/install senseaudio-video-gen
SenseAudio Video Gen
Author videos as HTML compositions, preview them in a browser, render them locally through Chrome screenshots plus FFmpeg, plan scripts/storyboards with AudioClaw by default, and generate supporting media through SenseAudio APIs. Treat HTML as the editable source of truth, SenseAudio as the media engine, and AudioClaw as the default LLM route.
Default Setup
On a new machine, configure the media API and LLM API separately:
export SENSEAUDIO_API_KEY="..."
SENSEAUDIO_API_KEY powers only SenseAudio media APIs: TTS, ASR, image, video, and music.
AudioClaw LLM planning uses a separate OpenAI-compatible route. If running inside AudioClaw, no extra LLM env is needed when the local AudioClaw config file exists. Otherwise set the LLM env explicitly:
export AUDIOCLAW_CONFIG_PATH="config/audioclaw.json"
export AUDIOCLAW_LLM_MODEL="doubao-seed-2-0-pro-260215"
export AUDIOCLAW_LLM_BASE_URL="https://platform.senseaudio.cn/v1"
export AUDIOCLAW_LLM_API_KEY="..."
LLM config precedence is CLI flags, then AUDIOCLAW_LLM_*, then AUDIOCLAW_CONFIG_PATH or the local AudioClaw config file.
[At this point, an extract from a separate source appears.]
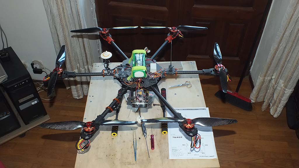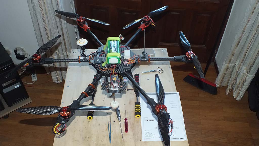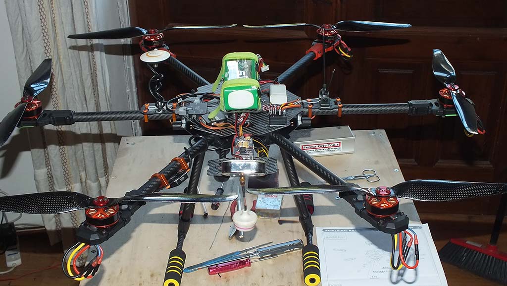 con una batteria multistar da 8 A, ho circa 25 minuti di autonomia, non ho ancora installato la gimbal e la telecamera, già così il drone in assetto di volo pesa 2750 Gr, in volo con 6 motori si comporta molto meglio dei quadri.

The CLI deliberately does not reuse SENSEAUDIO_API_KEY as an AudioClaw LLM key. Use --llm none for deterministic heuristic planning, or --offline to skip live media calls.
Core Loop
Start from a brief when the user wants a complete project shell:
python3 scripts/senseaudio_video_gen.py compose \
--project my-video \
--brief "Make a premium launch film for a new AI research assistant." \
--duration 12 \
--style-preset executive-film
compose is the general video path for product launch films, feature explainers, report summaries, technical walkthroughs, title cards, social cuts, and branded motion pieces. It defaults to executive-film, a restrained cinematic style with large typography, letterbox framing, low ornament, and non-web chapter IDs. Use --offline when drafting without live API calls, and add --render when the project should be rendered immediately.
compose now defaults to --llm audioclaw. If the default LLM route is unavailable, --llm-fallback keeps the project moving with heuristic planning and records a warning in senseframe.json. Pass --no-llm-fallback when an LLM failure should stop the run.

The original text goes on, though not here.